There is an obvious contrast between Shah's royal ancestry and his upper middle class way of life in the city today.
He lives in a fairly large flat in a new multi-storey apartment block that overlooks the Hoogly river. He moved in there only a couple of years ago and was living earlier in Park Circus, an old locality of the city. He has a joint family, with both his sons - one a lawyer and another a chartered accountant - living with him.
Shah has no memorabilia reflecting his regal ancestry. But there are a handful of gold, silver and copper coins minted in Tipu's time, which Shah, for sentimental reasons, acquired at a considerable cost from sources reached through the internet. He also has documentation related to Tipu, that is, books with photographs and a copy of the Treaty of Seringapatam that confirmed Mysore's surrender to the British.

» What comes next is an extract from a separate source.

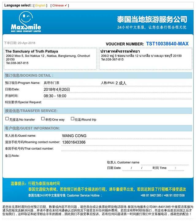 在泰国,这样的上网卡普遍标价是299B,折合人民币60元,而在国内提前网购,价格只要不到30元,还包邮!由于一般去泰国旅行,还会在网上像我一样预订其他游程,都需要填写在泰国的联系方式,所以提前购买泰国电话卡非常重要!拿到电话卡,封面上就有你的电话号码,接下来预订其他行程都可以填写上你在泰国的联系方式了!

But don't go looking for personal family memories of Tipu, as Shah says there are "none" - settled as they were in a distant place with the express intent of severing their links with the past. But Shah likes researching the historical significance of Tipu and the Mysore kingdom.
He points out that a major debate in Indian history concerns whether indigenous impulses to modernize would have taken off if the British had failed to conquer India. "The key to this riddle possibly remains in the modernizing potential of the kingdoms and elites of the time," opined Shah.
"According to Jean-Marie Lafont, a French scholar, Maharaja Ranjit Singh's kingdom in the Punjab displayed signs of such potential. It was strong and secular, with Ranjit Singh as a moderniser who made innovations to his administration and army with the help of French officers. Thus he could become such a formidable challenge to the British."
The Mysore kingdom had posed an equally stiff challenge in the south at the turn of that century.
According to a contemporary chronicler, Tipu's father Hyder Ali was from a family of migrants from north India which later settled in Karnataka.
"Both Hyder Ali and Tipu Sultan made efforts similar to Ranjit Singh's to modernise and strengthen their capabilities against the British by employing French advisors. But such efforts to protect and nurture the nation's potential were not spread widely enough at the time," said Shah.
Kolkata has many landmarks commemorating Tipu, the most famous being an elegant mosque in the centre of the city. The Royal Calcutta Golf Club, catering to the city's elite since the 19th century, stands on property on lease from the descendants of Tipu Sultan.
At one time, the properties of Tipu's sons in Kolkata included sizeable chunks in the business district comprising Chowringhee, Park Street and Theatre Road, besides large tracts of land in the southern parts.